(Beginning of Supplied data)

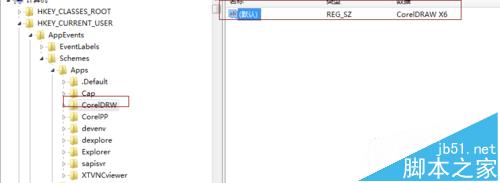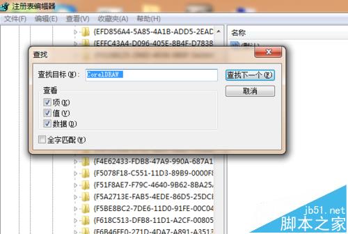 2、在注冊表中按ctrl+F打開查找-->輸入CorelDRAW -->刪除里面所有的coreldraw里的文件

(End of Supplied data)
(Beginning of Supplied data)

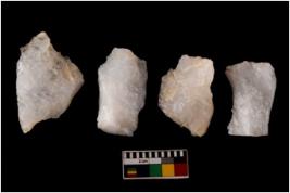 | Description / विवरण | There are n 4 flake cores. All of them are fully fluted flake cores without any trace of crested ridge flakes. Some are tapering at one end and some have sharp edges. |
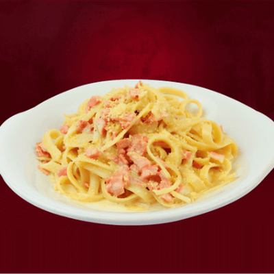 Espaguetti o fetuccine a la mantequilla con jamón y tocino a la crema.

(End of Supplied data)

Exactly the lines starting at the one above with "sharp edges. |" and ending at the one with "Espaguetti o fetuccine" should be printed, and nothing else. Omit the pictures.

Answer space:
 | Description / विवरण | There are n 4 flake cores. All of them are fully fluted flake cores without any trace of crested ridge flakes. Some are tapering at one end and some have sharp edges. |
 Espaguetti o fetuccine a la mantequilla con jamón y tocino a la crema.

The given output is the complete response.